I began as a PhD student in the university’s School of Pharmacy and Biomolecular Sciences. I developed a delivery system capable of blocking blood flow to cancerous liver tumours and releasing drugs directly into the targeted area. The system could improve treatment and reduce damage to surrounding cells and the debilitating side effects of chemotherapy.
My research studies focused on liver tumours. Mortality rates for many cancer types are falling but deaths from liver cancer are expected to rise by nearly 40 per cent by 2030 due to rising alcohol consumption and other risk factors.

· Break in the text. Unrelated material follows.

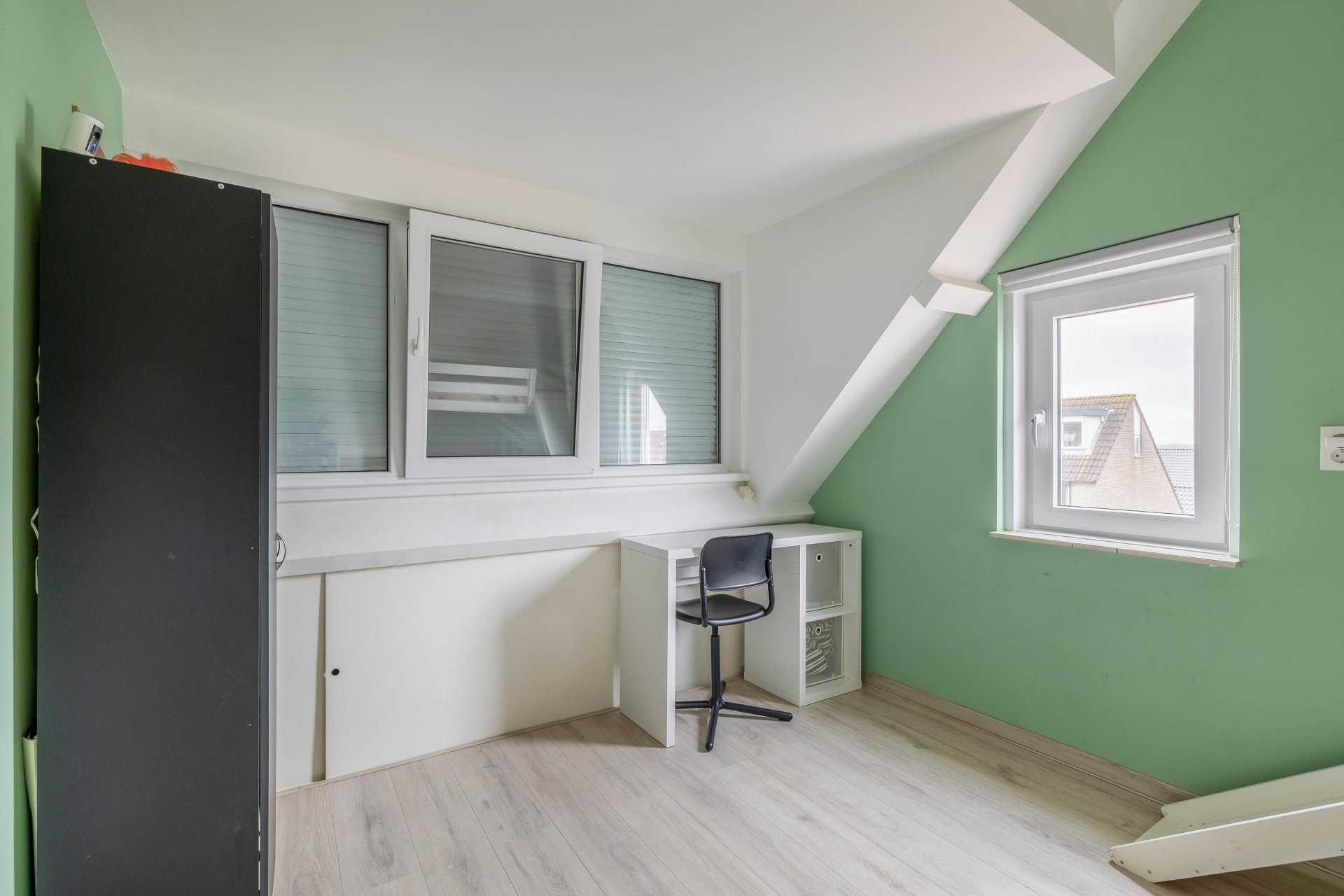 De tweede verdieping is dankzij het tweede kunststof dakkapel nog een vierde ruime slaapkamer. Op de overloop is veel bergruimte aanwezig en stata de opstelling cv combiketel HR (Vaillant 2021).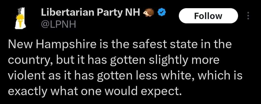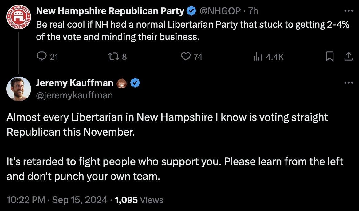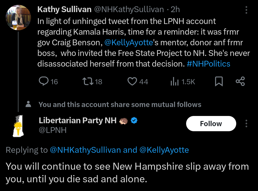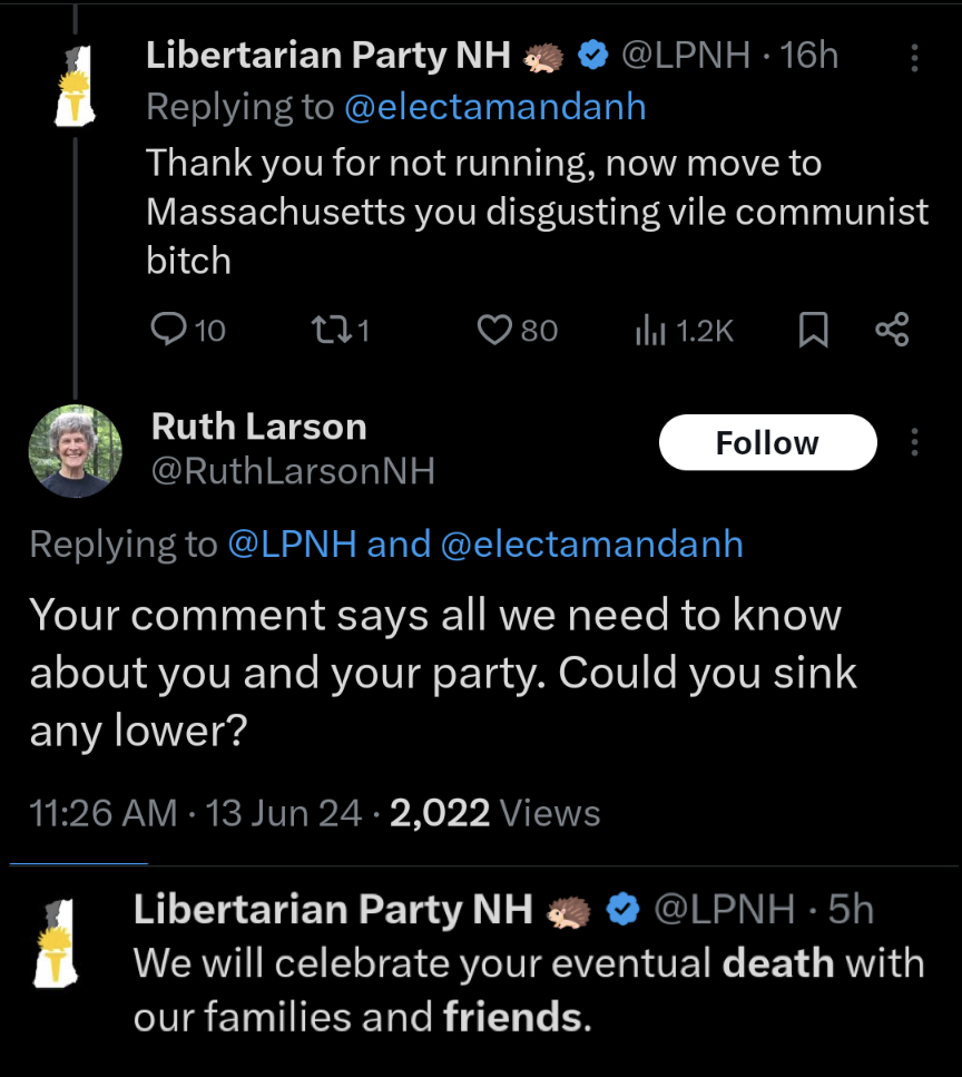 - If you are a Free Stater trying to build “liberty in our lifetime”, then you want to attract libertarians to New Hampshire. Prospective Free Staters expect that the LPNH is representative of the libertarian community in NH. The current messaging suggests we have a toxic community and repels libertarians.

Specifically my research involved microscopic ‘beads’ which are injected through a catheter into the specific blood vessels supplying liver tumours. Blood vessels feeding the tumour are blocked, depriving it of oxygen and nutrients, whereas the rest of the liver tissue remains unaffected. The beads then slowly release the drug into the tumour site, giving a sustained dose of chemotherapy to the cancerous region. When the drugs are delivered this way, the amount of drug that reaches the rest of the body is greatly reduced, meaning fewer side effects for the patient.
My research investigated the efficacy of beads loaded with novel, targeted drugs that could disrupt the mechanisms by which liver tumours sometimes escape destruction. The novel part of my research was the local delivery of these types of drugs.
I was thrilled to have been awarded £80,000 funding from the Royal Commission for the Exhibition of 1851 to pursue my research. I worked with Biocompatibles UK Ltd, a healthcare company specialising in drug delivery methods and a BTG International group company. The university has a long-standing relationship with BTG that I am happy to be able to continue with this collaboration.